Between 2018 and 2020, Centrón and her colleagues meticulously collected 68 bacterial strains from sediments in the Paraná delta. This wetland area is located near agricultural regions where glyphosate is frequently applied. The strains were then tested for their resistance to 16 common antibiotics, as well as to pure glyphosate and various glyphosate-based herbicides.

The results from these environmental strains were compared with 19 multidrug-resistant strains obtained from local hospitals and 15 strains from feedlots and herbicide-impacted agricultural soils.

Key observations included:

  • Hospital strains demonstrated resistance to 1 to 16 of the tested antibiotics, with a concerning 74% resistant to carbapenems.
  • Crucially, all hospital strains also exhibited high resistance to glyphosate and glyphosate-based weedkillers.
  • Dr. Camila Knecht noted that if these highly resistant bacteria enter the environment via untreated hospital wastewater, they could readily thrive in glyphosate-used agricultural areas, accelerating their spread.
  • Even strains from the Paraná delta, an area without direct glyphosate application, displayed at least partial resistance to the chemical.
  • Enterobacter strains proved remarkably resilient, tolerating the highest glyphosate concentrations (up to 80 mg/mL), while Bacillus strains were susceptible at much lower concentrations (2.5 mg/mL).
  • High glyphosate resistance was also consistently found in hospital infection strains categorized with extreme drug resistance.

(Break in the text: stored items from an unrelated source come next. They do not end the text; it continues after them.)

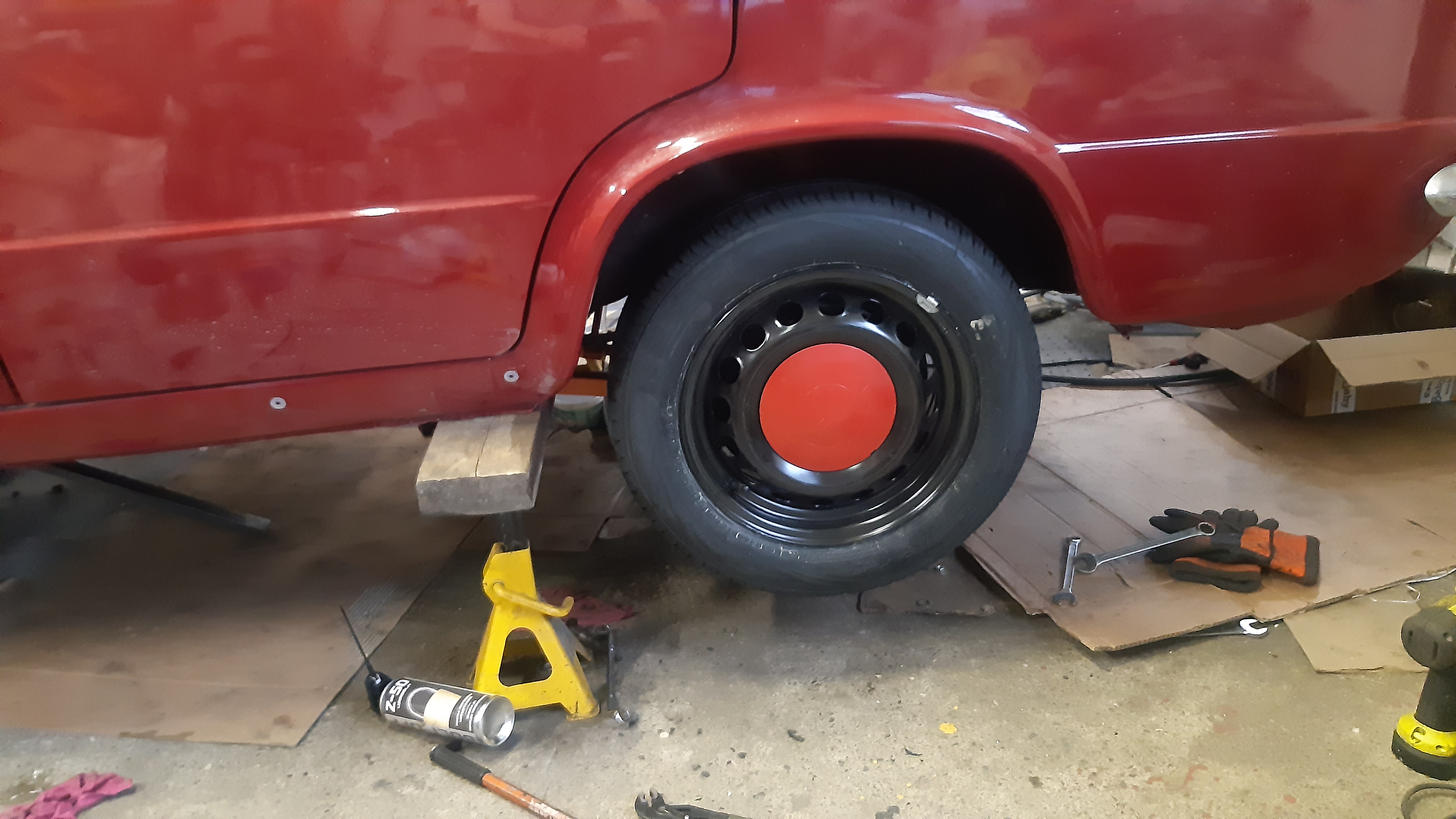Omistaja kävi kasailemassa sisustaa, alkaa olla etupenkkejä vaille valmis. Laitteli samalla kardaania, pakoputkee, starttia ja laturia ym. paikalleen.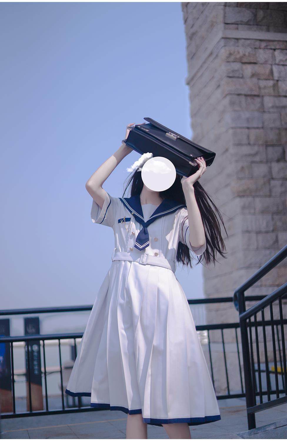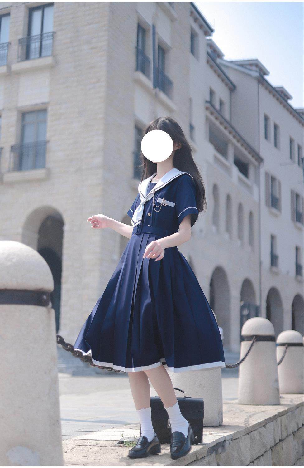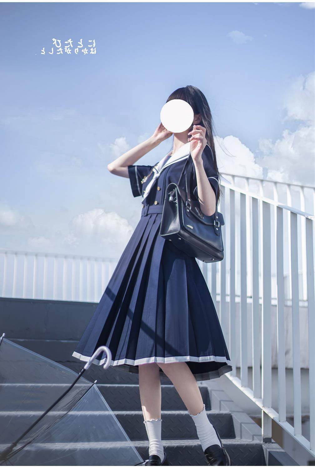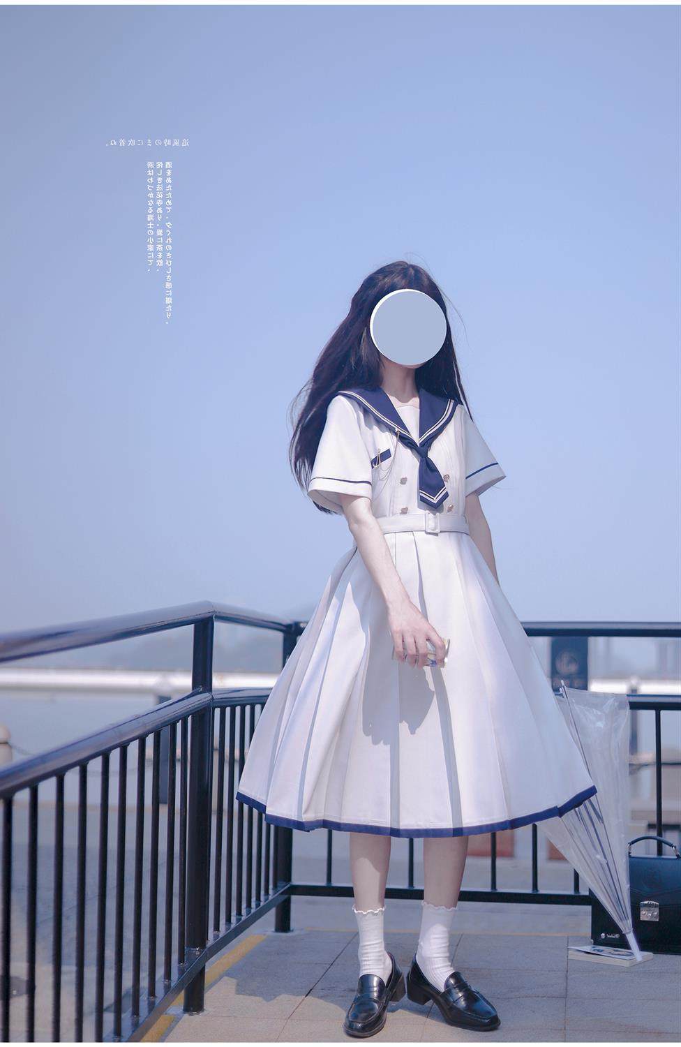 2024夏季新款日系JK水手服海軍領連衣裙學生收腰中長款百褶a字裙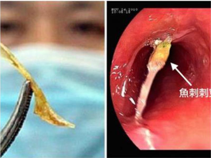 武漢有一名女子卡了魚刺之後,吞下兩口飯糰。2天後她開始後口疼痛,發燒甚至休克。送往醫院後,發現她的食道裡有一個長約2公分的魚刺異物,將周圍的食道刺得血肉模糊,因為出血實在太嚴重,所以最後女子竟然被醫生宣告不治。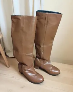 El largo del calzado es a la rodilla, el tacón es cuadrado y bajo mide 5 cm. Ideales para usar con leggins o falda. Punta redonda. Número 3. En perfectas condiciones, solo se usaron en 2 ocasiones.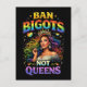 A radiant rainbow-haired queen in sparkling regalia shines beneath a bold pride slogan celebrating identity, strength, and self-expression.

Bacterial Relatedness and Environmental Spread

A comprehensive phylogenetic analysis was conducted on all 102 bacterial strains. This analysis revealed a significant pattern: those bacteria most resistant to glyphosate were often closely related, irrespective of whether they originated from hospitals, agricultural areas, or the Paraná delta. The same bacterial genera demonstrated glyphosate resistance across all environments studied.

Dr. Jochen A Müller from Karlsruhe Institute of Technology, a co-author, summarized the interconnected nature of this problem:

"Glyphosate use in the environment leads to resistant bacteria in soils, while antibiotic use fosters resistance in hospitals. Bacteria carrying antibiotic resistance genes can spread between these environments in both directions, with the water cycle being a key transmission factor."

Urgent Policy Recommendations

The use of glyphosate is already a subject of global controversy, having been linked to harm in arthropods such as bees and classified as a probable human carcinogen by the International Agency for Research on Cancer. This has led several countries, including France, Belgium, the Netherlands, and Germany, to implement restrictions on its use.

In light of these new findings, Dr. Centrón has put forward crucial policy recommendations:

  • Policies for pesticide use should mandate co-selection testing with antibiotics before new products are marketed.
  • Product labels ought to include clear warnings that antibiotic resistance genes can potentially spread from glyphosate-contaminated soils to hospitals via untreated water sources.